I would be happy to write a short crash-course , but I will definately need 
assiatance from more experienced person.
So far (7 months later) , I still struggle to find my errors and where to 
control log level.

Best Regards,
Strahil NikolovOn Jun 18, 2019 12:18, m...@brendanh.com wrote:
>
> "trade-off between time [developing] and time spent debugging such cases when 
> they do happen" 
>
> Your call.  All I know is, it took me over a month to install oVirt, 
> including three weeks of one-to-one time with Simone Tiraboschi from Red Hat. 
>  He sent me eleven emails but eventually gave up, baffled as me.  It 
> shouldn't be this hard.  Others who are having this or similar problems will 
> just abandon oVirt: ("I'm just wondering if I should cut my losses with 
> oVirt"): 
> https://lists.ovirt.org/archives/list/users@ovirt.org/thread/PZJYNAKPYNQUTTNAXG57HTMQHATWYQGZ/
>  
>
> The biggest challenge is to find the relevant error.
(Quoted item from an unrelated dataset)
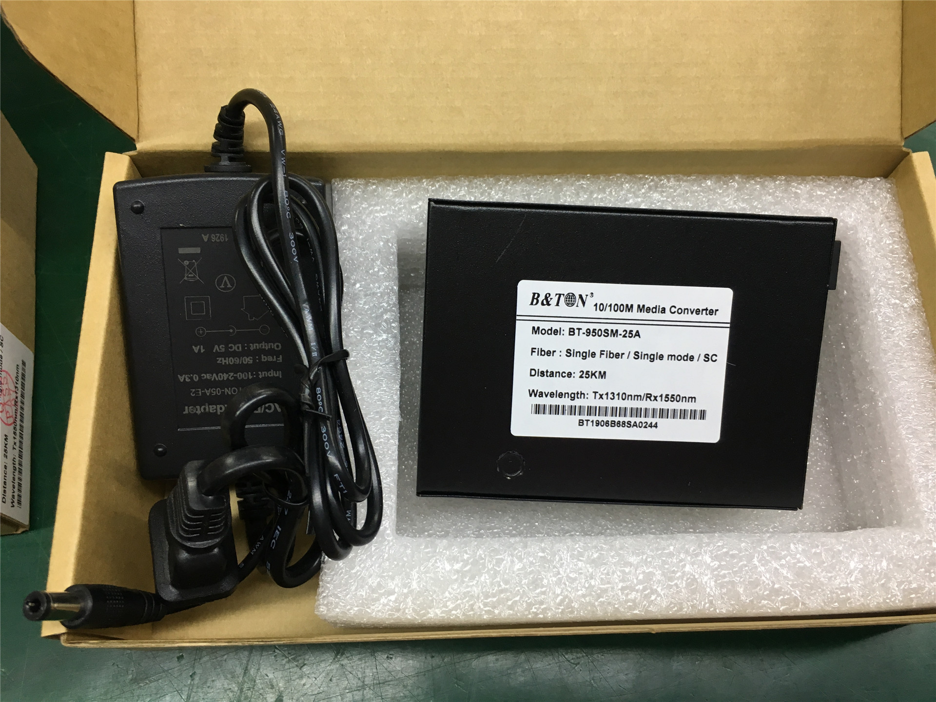 10/100/1000Mbps. Model: BT-950GS-20A/B. Series là một loại thiết bị chuyển đổi quang điện thông minh, adaptive và nhanh Ethernet. Nó có thể thực hiện truyền dữ liệu giữa các tín hiệu điện tử xoắn đôi và tín hiệu quang học là hai loại phương tiện kết nối mạng.Các loại bộ chuyển đổi phương tiện truyền thông có thể mở rộng khoảng cách truyền đến 0,55 km (đa chế độ) hoặc 120 km (một chế độ) bằng cách sử dụng công cụ chuyển đổi phương tiện truyền thông là một giải pháp kinh tế để đạt được cơ sở truyền dẫn đường dài dựa trên tình trạng hiện tại.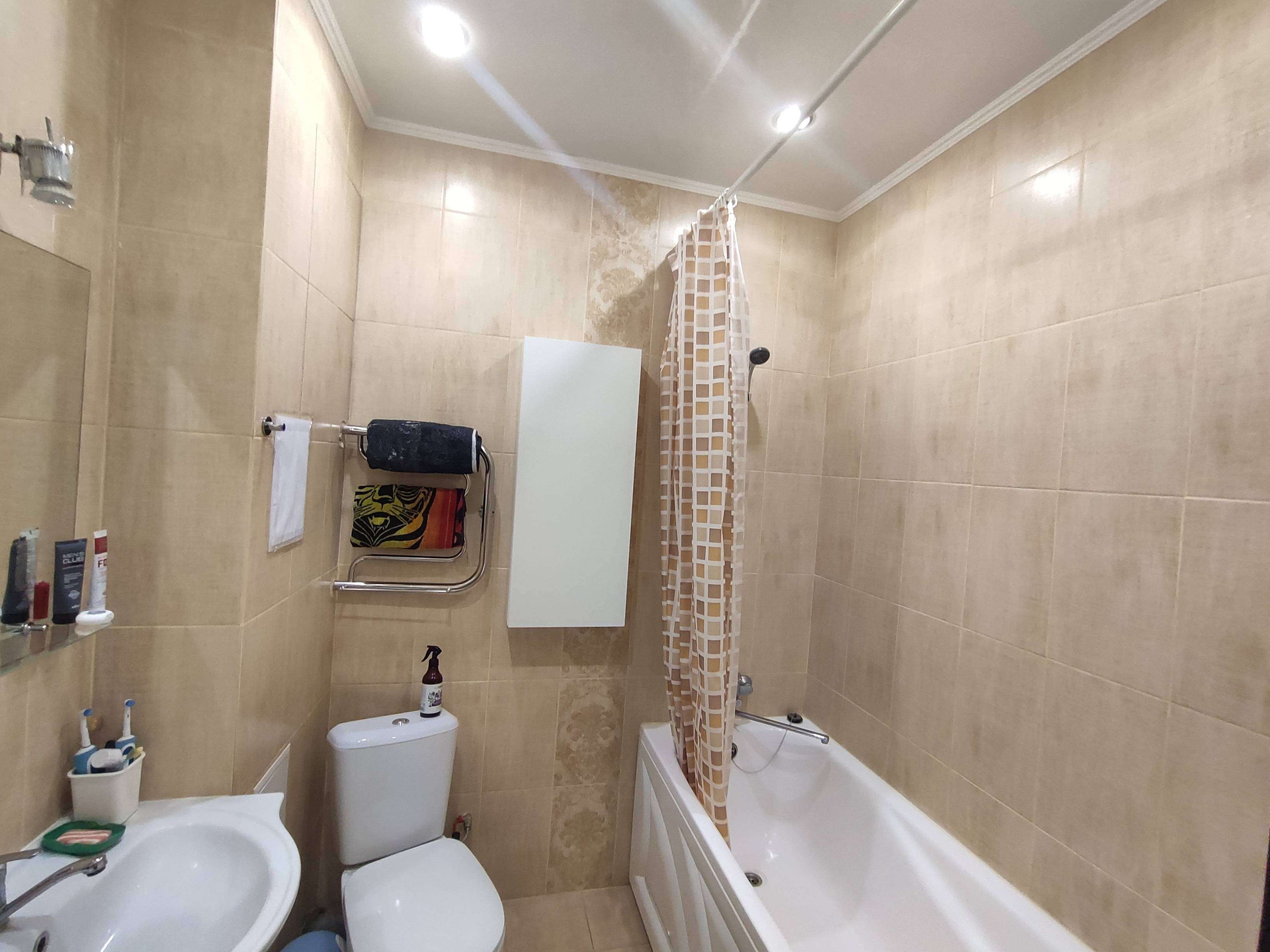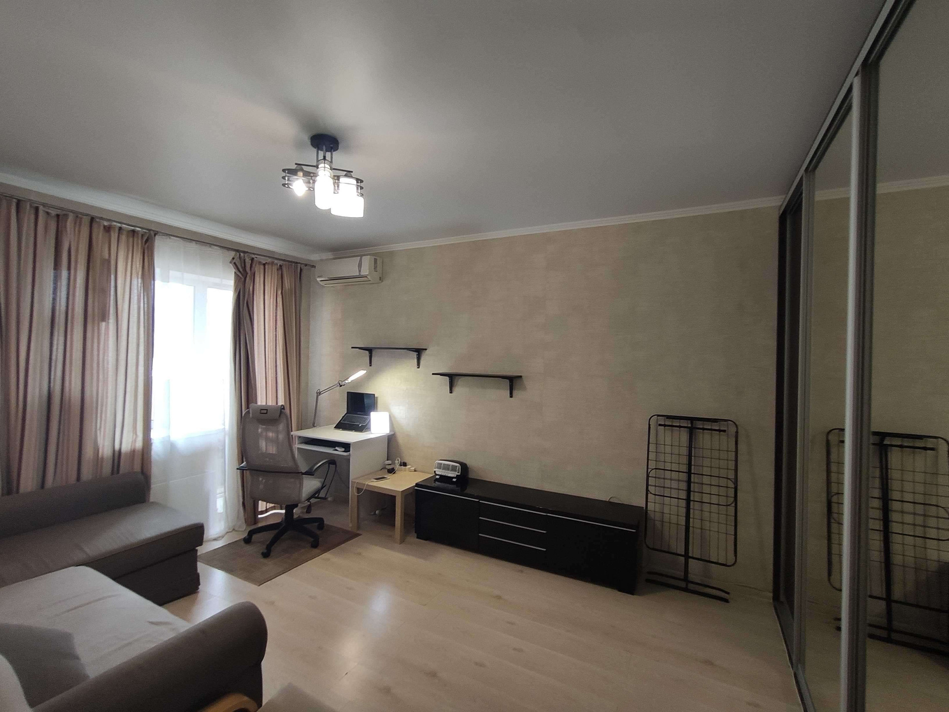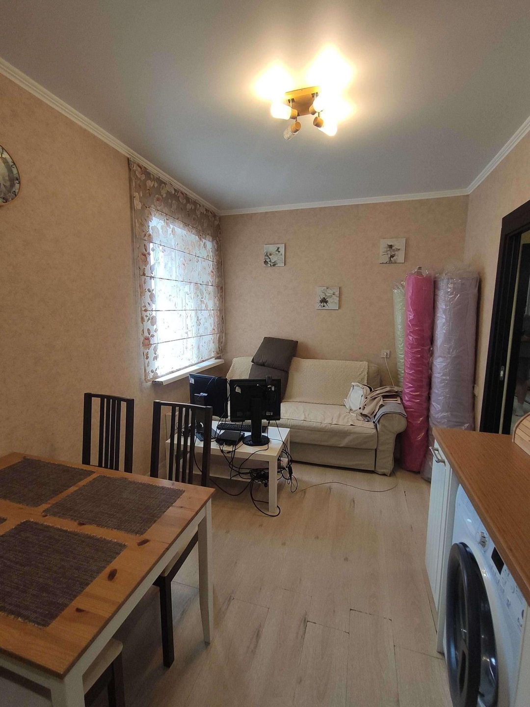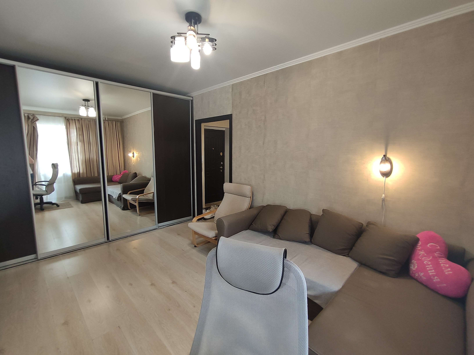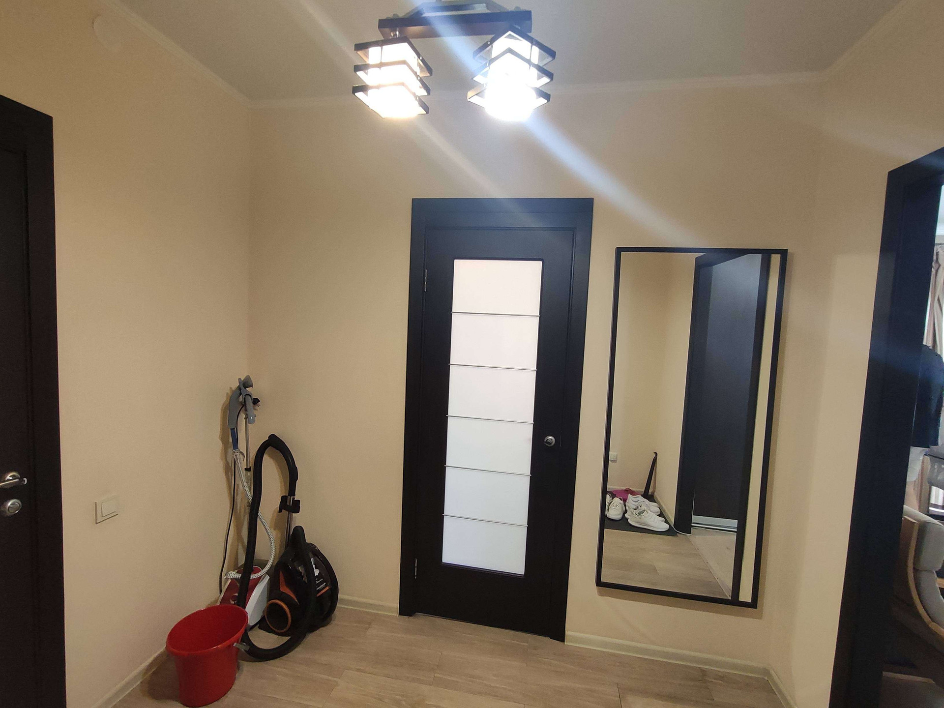 В квартире сделан качественный ремонт: натяжные потолки , пластиковые окна, полы ламинат, в коридоре кафель с теплым полом. Санузел совмещён в современном кафеле, хорошая входная и межкомнатные двери, спокойные обои.

What would be useful is 
> a log aggregator.  If oVirt had a journalctl type app running on the host 
> that tails ALL the logs including the engine logs from hosted-engine (via 
> ssh), everything would be in one place and easy to spot.  Currently, you need 
> fairly detailed knowledge of the architecture and install process to (i) find 
> the log files (ii) whittle down to the one displaying the problem.  Yes, I 
> know you guys have a log-packaging app that compresses them up, so they can 
> be sent to Red Hat for inspection (does this even include hosted-engine 
> logs?).  But with a journalling app, users would be able to spot the error 
> themselves and most of the time (if it's not a new bug), fix it on their own 
> like I did.  And yes, I know once set up, users will have their own log 
> aggregator in the form of Kibana, Splunk, etc but these don't help during the 
> initial install.
> ___
> Users mailing list -- users@ovirt.org
> To unsubscribe send an email to users-le...@ovirt.org
> Privacy Statement: https://www.ovirt.org/site/privacy-policy/
> oVirt Code of Conduct: 
> https://www.ovirt.org/community/about/community-guidelines/
> List Archives: 
> https://lists.ovirt.org/archives/list/users@ovirt.org/message/4732OJ7DJFKI474B5TZOYGP4GXBRPTZS/
___
Users mailing list -- users@ovirt.org
To unsubscribe send an email to users-le...@ovirt.org
Privacy Statement: https://www.ovirt.org/site/privacy-policy/
oVirt Code of Conduct: 
https://www.ovirt.org/community/about/community-guidelines/
List Archives: 
https://lists.ovirt.org/archives/list/users@ovirt.org/message/NLS4XOAB4WH73O4IFYH75KJH23FVFRJH/


[ovirt-users] Re: Hosted engine setup: "Failed to configure management network on host Local due to setup networks failure"

2019-06-18 Thread me
"trade-off between time [developing] and time spent debugging such cases when 
they do happen"

Your call.  All I know is, it took me over a month to install oVirt, including 
three weeks of one-to-one time with Simone Tiraboschi from Red Hat.  He sent me 
eleven emails but eventually gave up, baffled as me.  It shouldn't be this 
hard.  Others who are having this or similar problems will just abandon oVirt: 
("I'm just wondering if I should cut my losses with oVirt"):
https://lists.ovirt.org/archives/list/users@ovirt.org/thread/PZJYNAKPYNQUTTNAXG57HTMQHATWYQGZ/

The biggest challenge is to find the relevant error. What would be useful is a 
log aggregator.  If oVirt had a journalctl type app running on the host that 
tails ALL the logs including the engine logs from hosted-engine (via ssh), 
everything would be in one place and easy to spot.  Currently, you need fairly 
detailed knowledge of the architecture and install process to (i) find the log 
files (ii) whittle down to the one displaying the problem.  Yes, I know you 
guys have a log-packaging app that compresses them up, so they can be sent to 
Red Hat for inspection (does this even include hosted-engine logs?).  But with 
a journalling app, users would be able to spot the error themselves and most of 
the time (if it's not a new bug), fix it on their own like I did.  And yes, I 
know once set up, users will have their own log aggregator in the form of 
Kibana, Splunk, etc but these don't help during the initial install.
___
Users mailing list -- users@ovirt.org
To unsubscribe send an email to users-le...@ovirt.org
Privacy Statement: https://www.ovirt.org/site/privacy-policy/
oVirt Code of Conduct: 
https://www.ovirt.org/community/about/community-guidelines/
List Archives: 
https://lists.ovirt.org/archives/list/users@ovirt.org/message/4732OJ7DJFKI474B5TZOYGP4GXBRPTZS/


[ovirt-users] Re: Hosted engine setup: "Failed to configure management network on host Local due to setup networks failure"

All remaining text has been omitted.